Nothing but an exact copy is asked for: the lines in the material below from the one with "당도선별 샤인머스캣(1.5kg/2-3수) 수량빼기" through the one with "已经装备的心法还可以通过修炼", pictures excluded.

RECORD EXCERPTS.
....

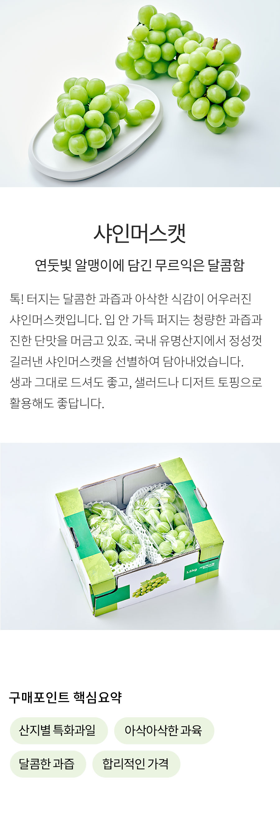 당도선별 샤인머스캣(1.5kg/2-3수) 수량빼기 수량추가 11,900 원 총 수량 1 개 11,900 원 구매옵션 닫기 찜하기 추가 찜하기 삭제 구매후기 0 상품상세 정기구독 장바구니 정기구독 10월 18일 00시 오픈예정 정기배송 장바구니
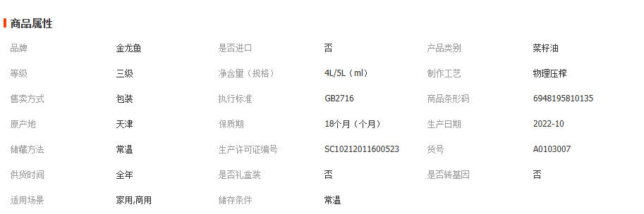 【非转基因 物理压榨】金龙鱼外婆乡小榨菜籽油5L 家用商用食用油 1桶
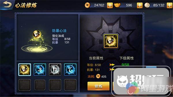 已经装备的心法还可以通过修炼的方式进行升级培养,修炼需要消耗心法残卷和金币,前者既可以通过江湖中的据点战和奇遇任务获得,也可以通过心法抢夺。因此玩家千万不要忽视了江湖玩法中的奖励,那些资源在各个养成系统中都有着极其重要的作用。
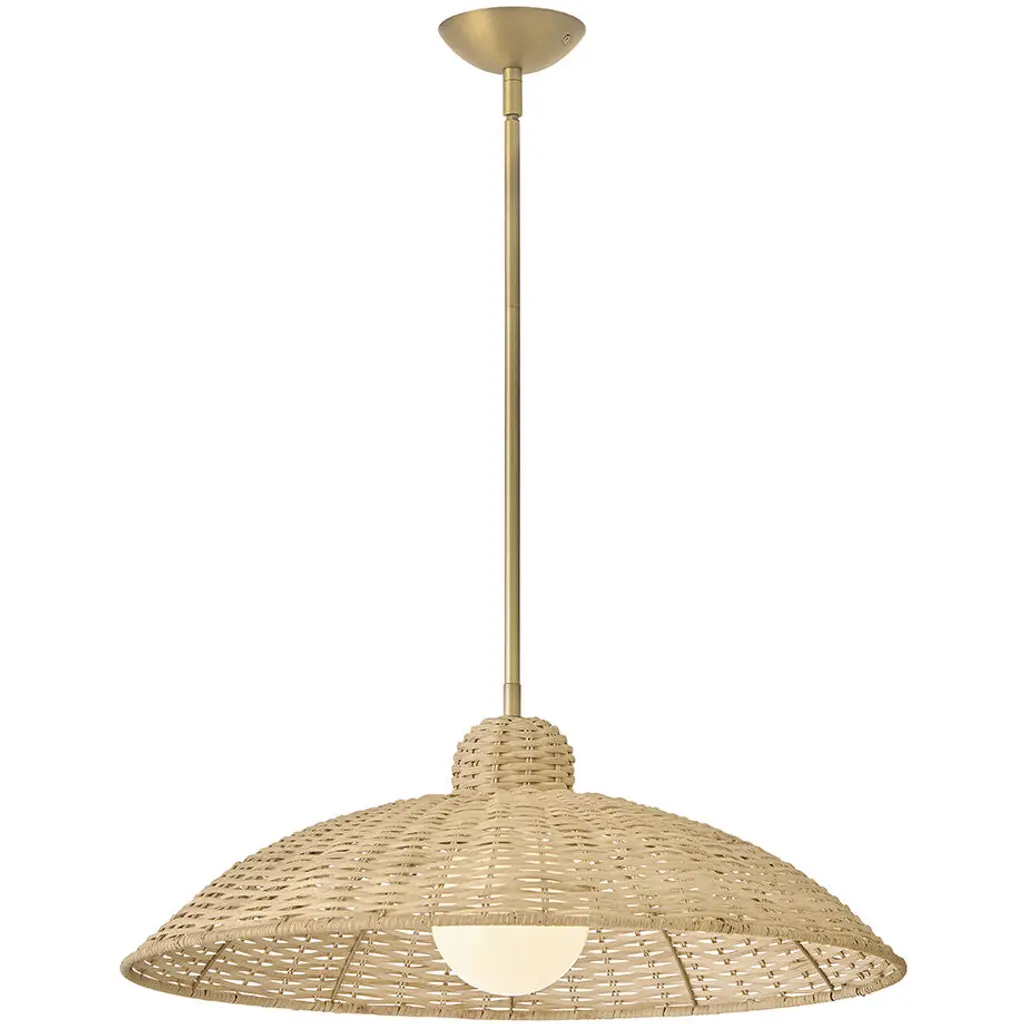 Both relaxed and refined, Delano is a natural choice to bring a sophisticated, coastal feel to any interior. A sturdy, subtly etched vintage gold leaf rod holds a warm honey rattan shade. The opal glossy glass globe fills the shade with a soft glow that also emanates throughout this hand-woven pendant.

....

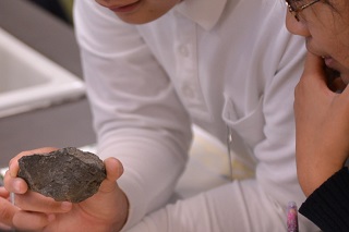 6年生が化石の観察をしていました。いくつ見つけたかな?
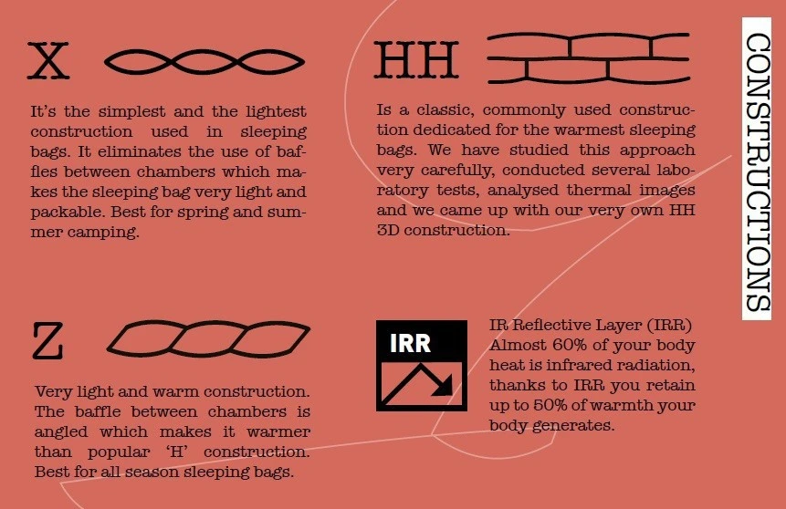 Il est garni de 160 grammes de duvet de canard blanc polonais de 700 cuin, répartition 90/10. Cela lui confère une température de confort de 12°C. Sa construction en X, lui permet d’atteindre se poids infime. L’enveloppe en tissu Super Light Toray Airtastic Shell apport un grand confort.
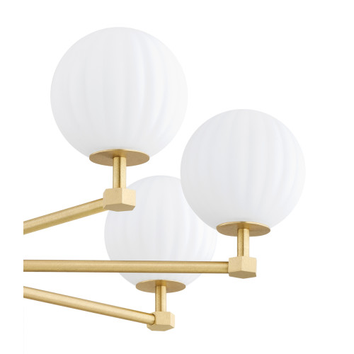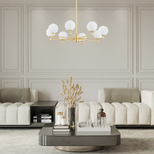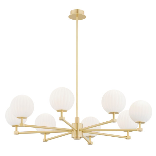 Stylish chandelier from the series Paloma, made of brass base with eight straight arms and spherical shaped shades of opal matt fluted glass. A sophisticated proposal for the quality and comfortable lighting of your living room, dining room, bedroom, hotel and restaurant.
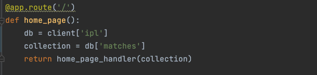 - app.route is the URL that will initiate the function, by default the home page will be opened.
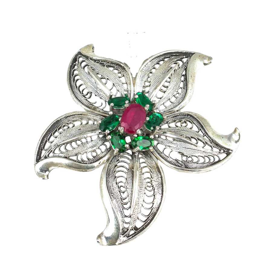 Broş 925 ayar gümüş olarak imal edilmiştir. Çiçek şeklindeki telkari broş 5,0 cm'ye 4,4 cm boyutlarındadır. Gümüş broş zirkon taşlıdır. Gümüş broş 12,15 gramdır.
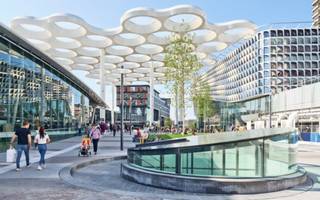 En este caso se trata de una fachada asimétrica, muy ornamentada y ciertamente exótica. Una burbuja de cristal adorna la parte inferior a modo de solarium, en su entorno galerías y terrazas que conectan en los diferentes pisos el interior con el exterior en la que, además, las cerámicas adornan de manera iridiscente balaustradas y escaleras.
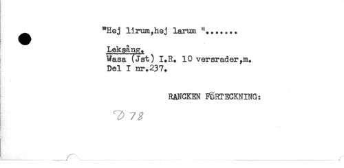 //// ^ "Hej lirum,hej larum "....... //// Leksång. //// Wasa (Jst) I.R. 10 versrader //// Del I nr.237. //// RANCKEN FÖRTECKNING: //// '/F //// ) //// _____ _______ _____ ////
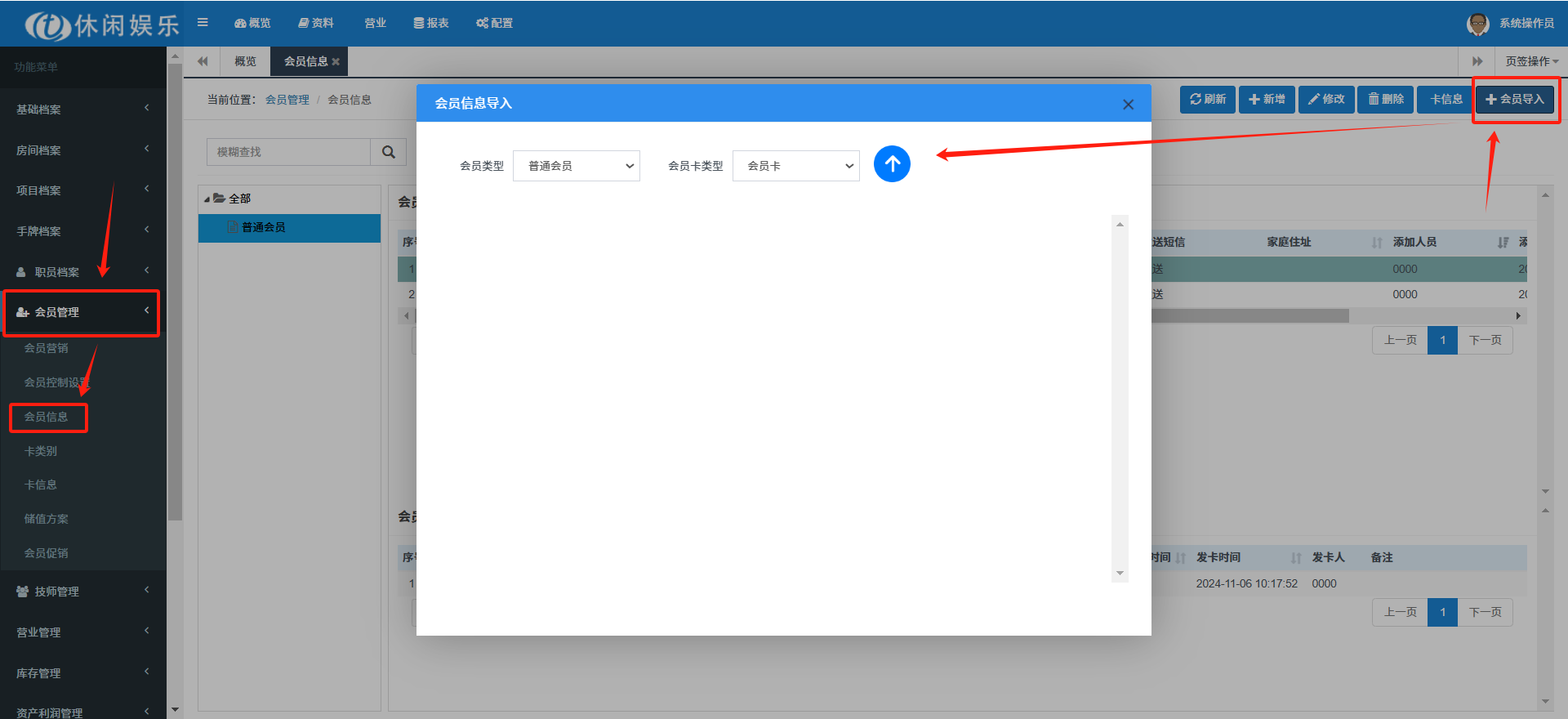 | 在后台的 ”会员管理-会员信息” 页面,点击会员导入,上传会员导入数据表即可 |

....

RESULT OF THIS TASK.
 당도선별 샤인머스캣(1.5kg/2-3수) 수량빼기 수량추가 11,900 원 총 수량 1 개 11,900 원 구매옵션 닫기 찜하기 추가 찜하기 삭제 구매후기 0 상품상세 정기구독 장바구니 정기구독 10월 18일 00시 오픈예정 정기배송 장바구니
 【非转基因 物理压榨】金龙鱼外婆乡小榨菜籽油5L 家用商用食用油 1桶
 已经装备的心法还可以通过修炼的方式进行升级培养,修炼需要消耗心法残卷和金币,前者既可以通过江湖中的据点战和奇遇任务获得,也可以通过心法抢夺。因此玩家千万不要忽视了江湖玩法中的奖励,那些资源在各个养成系统中都有着极其重要的作用。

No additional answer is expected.